Breast cancer (BCa) bone metastases cause osteolytic bone lesions, which result from the interactions of metastatic BCa cells with osteoclasts and osteoblasts. Osteoclasts differentiate from myeloid lineage cells. To understand the cell-specific role of transforming growth factor beta (TGF-β) in the myeloid lineage, in BCa bone metastases, MDA-MB-231 BCa cells were intra-tibially or intra-cardially injected into LysM(Cre)/Tgfbr2(floxE2/floxE2) knockout (LysM(Cre)/Tgfbr2 KO) or Tgfbr2(floxE2/floxE2) mice.
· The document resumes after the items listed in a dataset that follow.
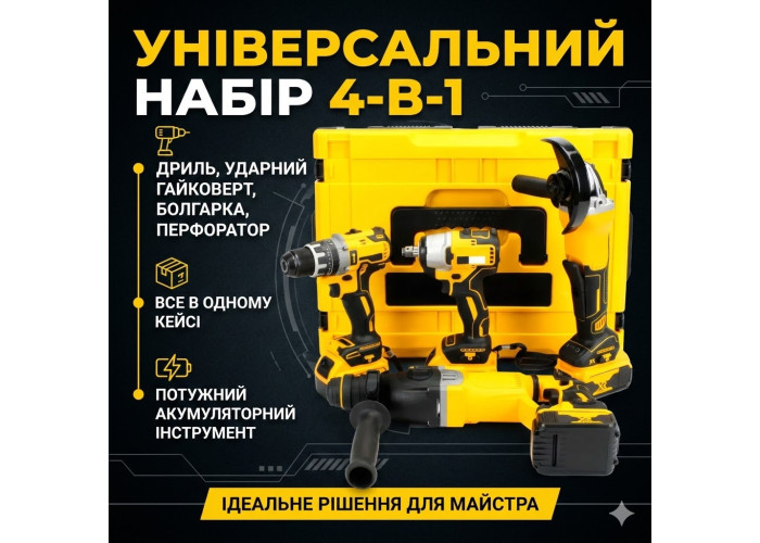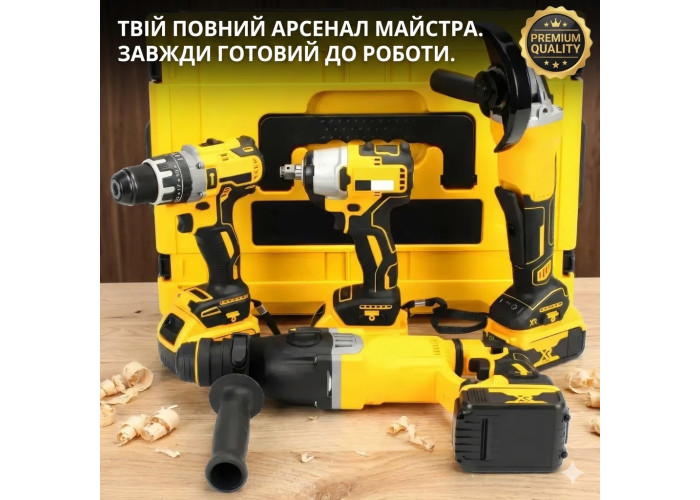Набор аккумуляторного инструмента COMBO SET 4-в-1 36V — это профессиональный комплект, разработанный для выполнения широкого спектра строительных, ремонтных и монтажных работ. В набор входят сразу четыре мощных инструмента: дрель-шуруповёрт, перфоратор, болгарка и гайковёрт.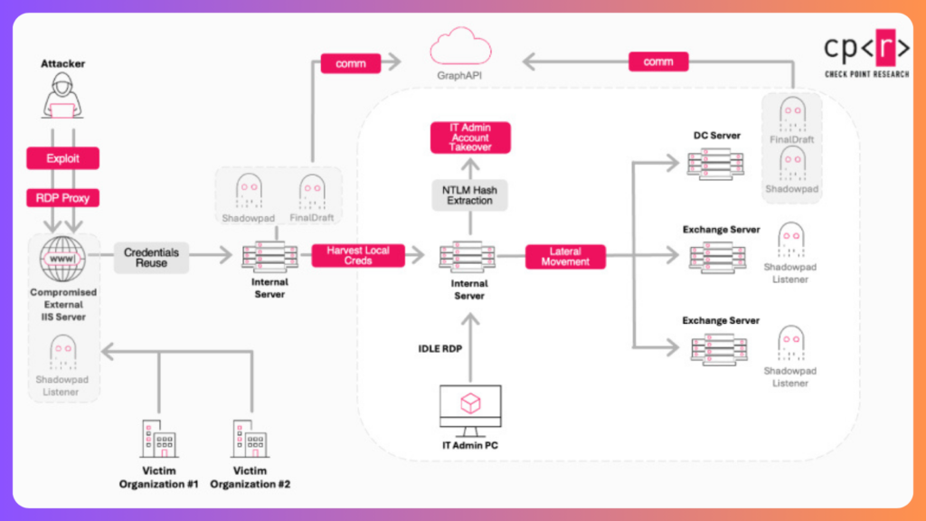 Ink Dragon has also been observed exploiting ToolShell SharePoint vulnerabilities to deploy web shells. Additional post compromise activity includes lateral movement via stolen administrative credentials, persistence through scheduled tasks and services, credential harvesting from LSASS memory, registry hive extraction, and firewall rule manipulation to enable outbound traffic.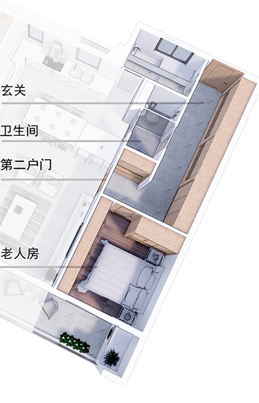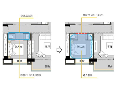 內外兩道推拉門控制衛(wèi)生間的可分可合,白天作為公共衛(wèi)生間、晚上組合成老人套房。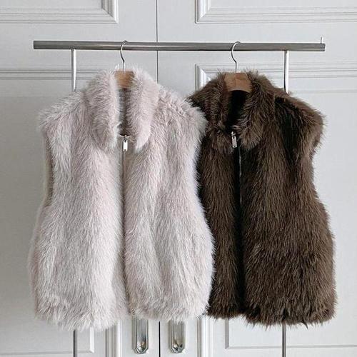 여성용 퍼 베스트 겨울 페이크털 나시 아우터 슬림 조끼 Women's Vest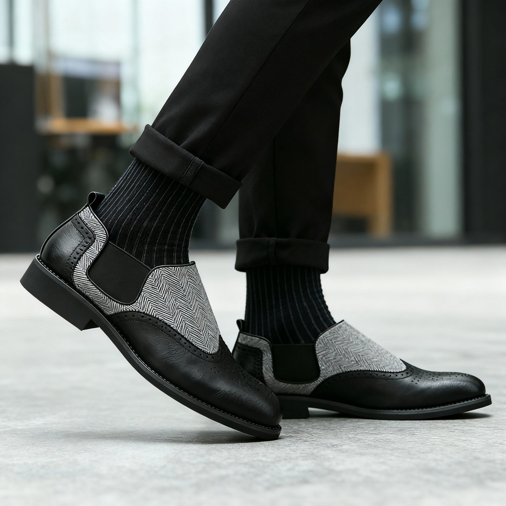 The Whitmore blends classic English brogue detailing with a tonal fabric vamp for contrast and breathability. Cut from hand-burnished full-grain leather with perforated wingtip accents that develop depth over time.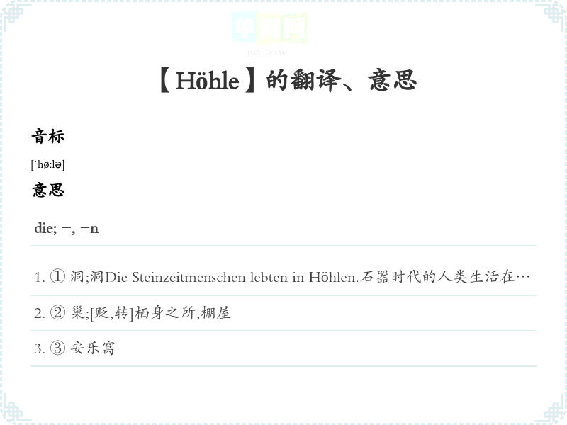 ① 洞;洞Die Steinzeitmenschen lebten in Höhlen.石器时代的人类生活在洞里。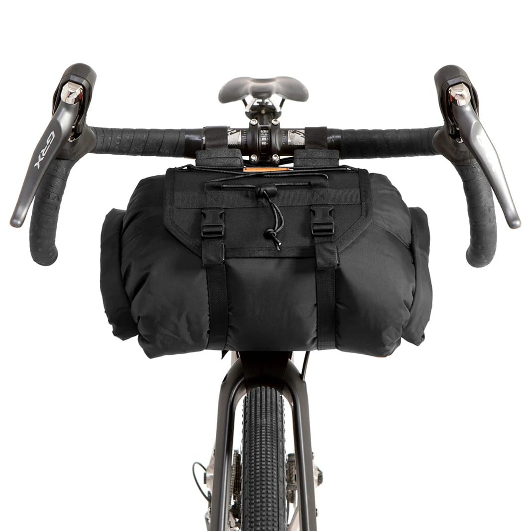Unsere Bar Bag ist eine ideale und problemlose Gepäcklösung für Bikepacking, Touren oder Pendeln auf Straßen-, Gravel- und Mountainbikes. Ohne Gepäckträger, Halterungen oder Werkzeug lässt sich die Tasche in Sekundenschnelle an jedem Fahrrad anbringen. Schaumstoffabstandshalter und federbelastete Nockenschlösser sorgen für eine einfache und zuverlässige Befestigung am Lenker, während zwei untere Haltegurte die Gabelkrone umschließen und für zusätzliche Stabilität sorgen.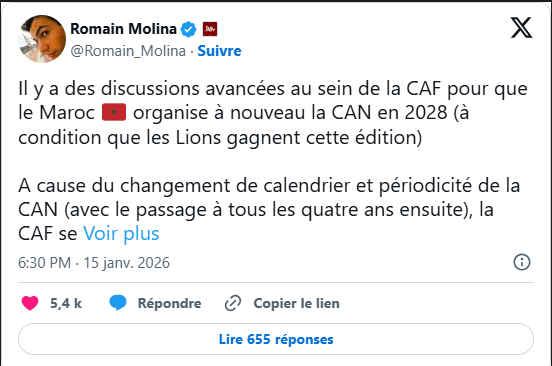 D’après les informations du journaliste Romain Molina, les discussions sont très avancées au sein de la Confédération africaine de football (CAF) en vue d’attribuer l’organisation de la CAN 2028 au Maroc. Le calendrier serré constitue un facteur déterminant : l’édition 2027 se tiendra conjointement au Kenya, en Tanzanie et en Ouganda, laissant peu de temps à une autre nation pour se préparer.
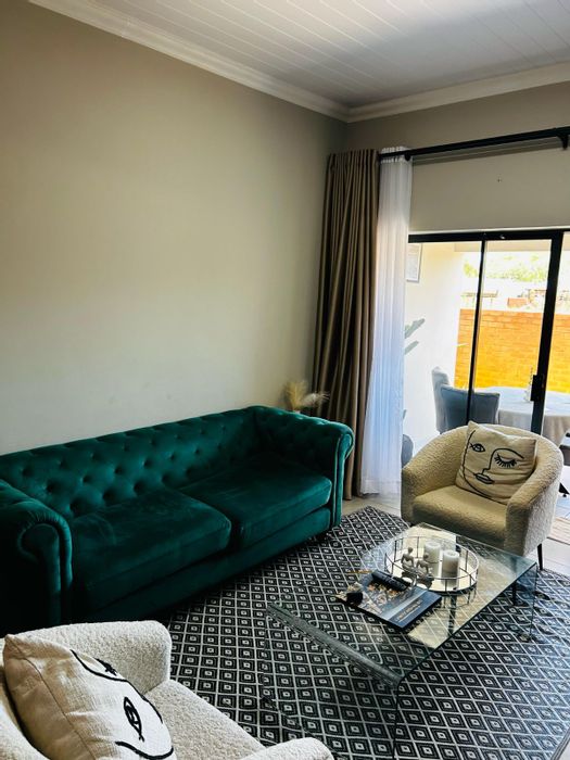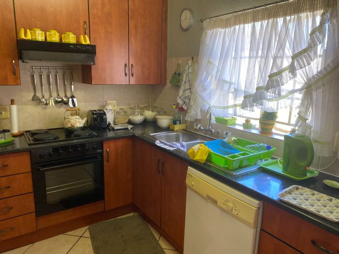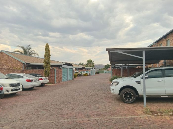 Pet-friendly townhouse in a secure Annlin estate, featuring a manicured garden, modern kitchen and two living areas; main en-suite with built-ins. 2 beds, 2 baths, double garage.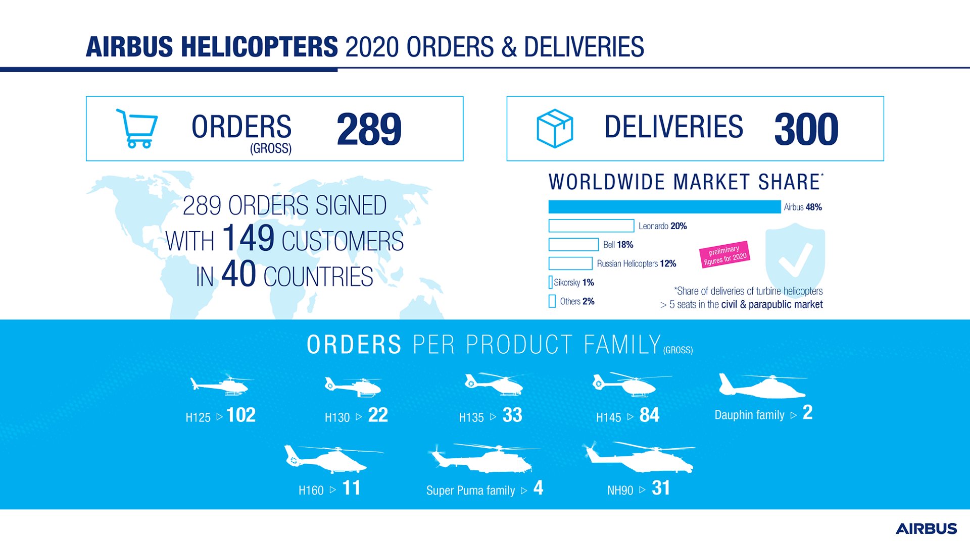 En 2020, Airbus Helicopters registró 289 pedidos brutos (netos: 268) en un mercado desafiante fuertemente afectado por las consecuencias económicas de la pandemia de COVID-19, lo que refuerza la posición de la compañía en el mercado civil y parapúblico. Además, la compañía entregó 300 helicópteros en todo el mundo a pesar de las restricciones de viaje pandémicas, lo que resultó en una participación estable del 48% del mercado civil y parapúblico y, por lo tanto, permitió a Airbus Helicopters mantener su posición de liderazgo en el mercado gracias a su amplia gama de productos competitivos diseñados para permitir clientes para realizar multitud de misiones.

Metastatic bone lesion development was compared by analysis of both lesion number and area. We found that LysM(Cre)/Tgfbr2 knockout significantly decreased MDA-MB-231 bone lesion development in both the cardiac and tibial injection models. LysM(Cre)/Tgfbr2 knockout inhibited the tumor cell proliferation, angiogenesis and osteoclastogenesis of the metastatic bones. Cytokine array analysis showed that basic fibroblast growth factor (bFGF) was downregulated in MDA-MB-231-injected tibiae from the LysM(Cre)/Tgfbr2 KO group, and intravenous injection of the recombinant bFGF to LysM(Cre)/Tgfbr2 KO mice rescued the inhibited metastatic bone lesion development. The mechanism by which bFGF rescued the bone lesion development was by promotion of tumor cell proliferation through the downstream mitogen-activated protein kinase (MAPK)-extracellular signal-regulated kinase (ERK)-cFos pathway after binding to the FGF receptor 1 (FGFR1). Consistent with animal studies, we found that in human BCa bone metastatic tissues, TGF-β type II receptor (TβRII) and p-Smad2 were expressed in osteoclasts and tumor cells, and were correlated with the expression of FGFR1. Our studies suggest that myeloid-specific TGF-β signaling-mediated bFGF in the bone promotes BCa bone metastasis.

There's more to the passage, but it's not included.